Miami Beach Mayor Philip Levine’s campaign to establish a higher minimum wage for his city has run into a judicial roadblock, as a Miami judge has declared the local wage ordinance illegal and unenforceable.

Miami-Dade County Circuit Judge Peter R. Lopez ruled on March 27 that the Miami Beach ordinance that had established a separate and higher minimum wage for private employers doing business in the city violated a Florida statute and was therefore invalid.

Mayor Levine issued a statement that he was “extremely disappointed” by the ruling but that the city would appeal to the Florida Third District Court of Appeal, and possibly to the Florida Supreme Court if necessary. The mayor, a Democrat, is believed to be planning a run to be elected Florida’s governor in 2018. He said he will try to bring the minimum wage issue before the voters in a statewide referendum next year to amend the state constitution.

Robert Rosenwald, first assistant Miami Beach city attorney and the author of the ordinance, said that Judge Lopez “simply got it wrong … when a prior statute conflicts with the will of the people expressed in a constitutional amendment, it is the people’s judgment that controls.”

The Miami Beach local minimum wage for private employers had been set to become $10.31 as of January 1, 2018, higher than both the Florida state minimum wage of $8.10 and the federal minimum wage of $7.25. The Miami Beach ordinance, adopted in June of 2016, would require a $13.31 minimum rate citywide by 2021. That is the hourly rate that the city currently requires for employees of city contractors.

The Florida Retail Federation, the Florida Restaurant & Lodging Association, the Florida Chamber of Commerce, and other business groups representing employer interests, had filed suit last December 14, arguing that the city ordinance violated a 2003 state statute (Section 218.077) that preempts local governments from setting their own minimum wages.

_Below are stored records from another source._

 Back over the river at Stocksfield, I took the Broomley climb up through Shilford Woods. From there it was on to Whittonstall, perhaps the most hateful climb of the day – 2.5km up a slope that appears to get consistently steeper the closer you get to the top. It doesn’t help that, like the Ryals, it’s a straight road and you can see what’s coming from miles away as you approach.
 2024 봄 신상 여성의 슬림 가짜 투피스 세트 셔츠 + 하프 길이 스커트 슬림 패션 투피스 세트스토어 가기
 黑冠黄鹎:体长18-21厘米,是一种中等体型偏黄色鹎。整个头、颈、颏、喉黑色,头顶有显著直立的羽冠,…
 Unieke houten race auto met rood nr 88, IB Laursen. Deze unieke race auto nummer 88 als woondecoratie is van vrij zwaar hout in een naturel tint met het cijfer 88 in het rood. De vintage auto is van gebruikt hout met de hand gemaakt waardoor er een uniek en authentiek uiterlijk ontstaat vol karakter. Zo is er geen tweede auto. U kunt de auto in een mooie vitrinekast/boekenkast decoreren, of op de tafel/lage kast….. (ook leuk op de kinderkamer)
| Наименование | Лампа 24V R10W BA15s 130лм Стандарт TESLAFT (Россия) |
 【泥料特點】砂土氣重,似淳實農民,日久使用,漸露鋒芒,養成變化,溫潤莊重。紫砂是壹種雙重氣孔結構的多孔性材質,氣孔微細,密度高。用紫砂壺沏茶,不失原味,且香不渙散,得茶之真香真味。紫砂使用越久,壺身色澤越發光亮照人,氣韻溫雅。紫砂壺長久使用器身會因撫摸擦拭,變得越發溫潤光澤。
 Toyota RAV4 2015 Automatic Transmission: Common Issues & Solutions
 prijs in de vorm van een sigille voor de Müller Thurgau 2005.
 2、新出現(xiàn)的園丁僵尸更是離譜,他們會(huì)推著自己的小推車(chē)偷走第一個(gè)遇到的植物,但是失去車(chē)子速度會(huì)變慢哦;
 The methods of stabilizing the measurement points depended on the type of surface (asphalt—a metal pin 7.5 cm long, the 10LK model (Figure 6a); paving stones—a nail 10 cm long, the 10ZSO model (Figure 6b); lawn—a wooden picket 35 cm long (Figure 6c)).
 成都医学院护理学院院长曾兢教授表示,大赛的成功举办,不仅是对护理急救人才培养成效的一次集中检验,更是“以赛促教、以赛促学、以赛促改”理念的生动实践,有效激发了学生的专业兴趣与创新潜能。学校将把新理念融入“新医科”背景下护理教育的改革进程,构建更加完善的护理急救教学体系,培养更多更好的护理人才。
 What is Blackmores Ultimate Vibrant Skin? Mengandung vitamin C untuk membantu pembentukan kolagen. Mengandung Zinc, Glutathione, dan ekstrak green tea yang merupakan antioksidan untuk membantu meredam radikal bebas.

Florida state Attorney General Pam Bondi intervened in the litigation to defend the controlling validity of the state “wage preemption” statute.

The city’s position was that a 2004 Florida constitutional amendment that set a state minimum wage higher than the federal rate (Art. X, Section 24) gives local governments the ability to set their own minimums, and that Section 218.077 of the Florida Statutes is therefore unconstitutional.

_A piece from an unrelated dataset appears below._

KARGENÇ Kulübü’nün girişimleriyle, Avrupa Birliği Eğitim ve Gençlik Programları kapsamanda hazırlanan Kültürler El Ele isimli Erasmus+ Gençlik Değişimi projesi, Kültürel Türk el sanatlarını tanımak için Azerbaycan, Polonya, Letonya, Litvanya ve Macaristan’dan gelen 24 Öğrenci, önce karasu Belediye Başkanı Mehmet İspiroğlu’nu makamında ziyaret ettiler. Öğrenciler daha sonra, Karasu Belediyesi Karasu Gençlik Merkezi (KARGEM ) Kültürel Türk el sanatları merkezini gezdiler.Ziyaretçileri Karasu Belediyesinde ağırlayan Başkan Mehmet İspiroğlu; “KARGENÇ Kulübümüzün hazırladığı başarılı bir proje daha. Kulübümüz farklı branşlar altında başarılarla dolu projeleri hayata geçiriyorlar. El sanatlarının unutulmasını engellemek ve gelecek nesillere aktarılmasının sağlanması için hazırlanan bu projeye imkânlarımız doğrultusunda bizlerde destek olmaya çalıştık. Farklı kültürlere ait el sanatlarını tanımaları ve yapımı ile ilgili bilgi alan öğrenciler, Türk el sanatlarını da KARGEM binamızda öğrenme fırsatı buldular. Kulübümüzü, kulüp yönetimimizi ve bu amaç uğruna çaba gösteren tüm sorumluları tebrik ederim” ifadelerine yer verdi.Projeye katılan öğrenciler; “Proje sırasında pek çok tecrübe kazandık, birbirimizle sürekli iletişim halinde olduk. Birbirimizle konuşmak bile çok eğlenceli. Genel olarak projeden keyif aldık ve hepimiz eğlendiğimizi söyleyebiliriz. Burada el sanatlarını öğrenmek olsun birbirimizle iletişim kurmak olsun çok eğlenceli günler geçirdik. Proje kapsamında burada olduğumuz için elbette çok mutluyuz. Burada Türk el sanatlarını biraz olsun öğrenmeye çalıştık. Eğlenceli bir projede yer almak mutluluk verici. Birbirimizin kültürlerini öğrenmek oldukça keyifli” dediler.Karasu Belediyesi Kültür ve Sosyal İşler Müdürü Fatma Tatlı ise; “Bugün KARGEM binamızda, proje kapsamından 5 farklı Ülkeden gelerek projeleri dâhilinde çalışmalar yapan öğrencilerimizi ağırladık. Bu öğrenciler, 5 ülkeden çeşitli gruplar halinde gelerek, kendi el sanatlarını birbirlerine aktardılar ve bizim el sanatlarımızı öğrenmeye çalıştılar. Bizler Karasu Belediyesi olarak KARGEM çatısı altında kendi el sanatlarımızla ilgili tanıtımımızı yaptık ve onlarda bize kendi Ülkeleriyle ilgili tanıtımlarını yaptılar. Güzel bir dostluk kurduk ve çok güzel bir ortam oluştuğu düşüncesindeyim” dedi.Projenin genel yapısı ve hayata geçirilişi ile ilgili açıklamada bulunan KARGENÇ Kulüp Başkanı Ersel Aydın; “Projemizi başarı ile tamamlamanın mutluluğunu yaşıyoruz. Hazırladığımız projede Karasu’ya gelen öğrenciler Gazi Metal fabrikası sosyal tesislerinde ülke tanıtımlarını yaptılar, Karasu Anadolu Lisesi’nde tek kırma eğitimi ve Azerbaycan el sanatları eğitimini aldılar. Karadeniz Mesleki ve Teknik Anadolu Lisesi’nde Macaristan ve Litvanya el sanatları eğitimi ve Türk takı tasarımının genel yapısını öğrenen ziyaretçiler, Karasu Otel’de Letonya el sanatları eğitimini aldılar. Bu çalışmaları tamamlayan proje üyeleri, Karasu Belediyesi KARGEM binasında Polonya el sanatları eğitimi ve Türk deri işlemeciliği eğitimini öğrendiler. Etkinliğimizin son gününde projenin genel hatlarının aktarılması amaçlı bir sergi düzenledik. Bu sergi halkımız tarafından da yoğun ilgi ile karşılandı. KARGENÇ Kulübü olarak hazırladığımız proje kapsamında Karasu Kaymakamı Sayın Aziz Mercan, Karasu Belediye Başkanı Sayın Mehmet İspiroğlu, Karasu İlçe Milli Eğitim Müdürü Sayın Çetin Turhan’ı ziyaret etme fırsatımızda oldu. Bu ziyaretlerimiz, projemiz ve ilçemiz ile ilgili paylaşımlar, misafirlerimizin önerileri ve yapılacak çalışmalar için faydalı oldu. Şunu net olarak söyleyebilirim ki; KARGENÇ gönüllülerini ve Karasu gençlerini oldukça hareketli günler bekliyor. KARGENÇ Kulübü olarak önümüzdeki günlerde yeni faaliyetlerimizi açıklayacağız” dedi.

Judge Lopez rejected Miami Beach’s argument and granted summary judgment to the business groups that had challenged the ordinance. “The city’s minimum wage ordinance is not valid under [the Florida statute], which preempts local minimum wages,” Judge Lopez wrote in an eight-page decision. “Florida courts have made clear that municipal ordinances must yield to state statutes,” he explained. “This Court finds that the City reads the plain language of the [constitutional] Amendment erroneously. This Amendment does not prohibit other laws, such as section 218.077, from preempting a local minimum wage ordinance.”

The state law allows local so-called “living wage” ordinances for municipal employees, but prohibits city or countywide minimum wage laws that apply to private employers.

Judge Lopez concluded that Miami Beach had misinterpreted the Florida constitutional provision, which he found had established the state’s minimum wage without invalidating Florida’s wage preemption statute. “The City’s minimum wage ordinance conflicts with and violates section 218.077, a valid wage preemption statute.”

R. Scott Shalley, president and CEO of the Florida Retail Federation, one of the plaintiffs, called the decision “great news for Florida retailers and the entire business community, as this ruling does not place an additional mandate on local businesses by requiring Miami Beach business owners to provide wages above what the state has previously established in law.”

Christine Owens with the National Employment Law Project, which supported Mayor Levine’s position, said that “The court’s ruling invalidating Miami Beach’s minimum wage ordinance — and upholding the legislature’s ban on cities’ addressing local needs for higher wages — is unfortunate and will hurt communities across the state. It also flies in the face of the opinion of leading constitutional experts, who filed a legal brief agreeing that the legislature’s ban was illegal.”